How to Build a Claude AI Agent from Scratch (2026 Tutorial)
Step-by-step guide to building Claude AI agents with tool use, memory, and multi-step reasoning. Includes working code examples and best practices.
How to Build a Claude AI Agent from Scratch (2026 Tutorial)
You've heard the hype around AI agents, but most tutorials skip the fundamentals: what an agent actually is, why tool use is the unlock, and how to move from a simple API call to a system that can reason across multiple steps, use external tools, and complete real-world tasks without handholding.
This guide is the practical tutorial you wish you had when you started. By the end, you'll have built a working Claude agent from scratch — one that can search the web, read files, and chain actions together to complete goals.
What Is a Claude AI Agent (and How Is It Different from a Chatbot)?
A chatbot generates a response. An agent executes a plan.
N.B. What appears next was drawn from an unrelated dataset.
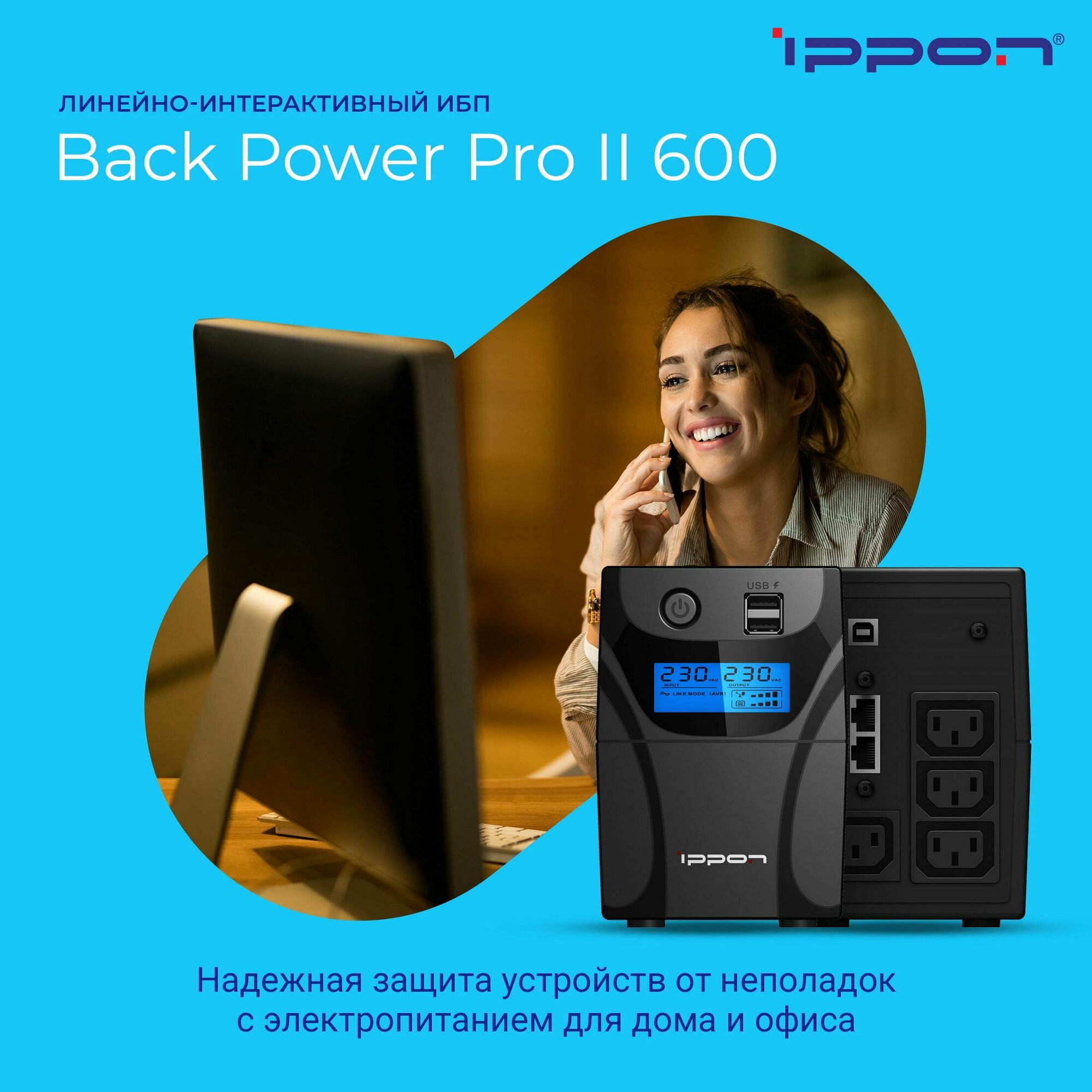 ИБП IPPON Back Power Pro II 600 LCD+USB+защита телефонной линии/RJ45 .
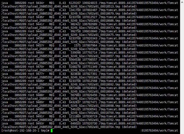 3、由于tmp为临时文件夹,文件使用结束后自动删除,猜测存在文件被删除但是空间未释放的情况。通过 lsof /tmp 查看文件情况,发现有大量的文件被删除但是依旧被进程占用,导致无法释放空间。

The distinction comes down to the action loop:
| Feature | Chatbot | Agent |
|---|---|---|
| Generates text responses | ✅ | ✅ |
| Uses external tools | ❌ | ✅ |
| Plans across multiple steps | ❌ | ✅ |
| Observes results and adapts | ❌ | ✅ |
| Manages memory/state | ❌ | ✅ (usually) |
A Claude agent follows the ReAct pattern (Reason + Act): it reasons about what to do, takes an action (a tool call), observes the result, and loops until the task is complete. This loop is what separates agents from single-turn AI.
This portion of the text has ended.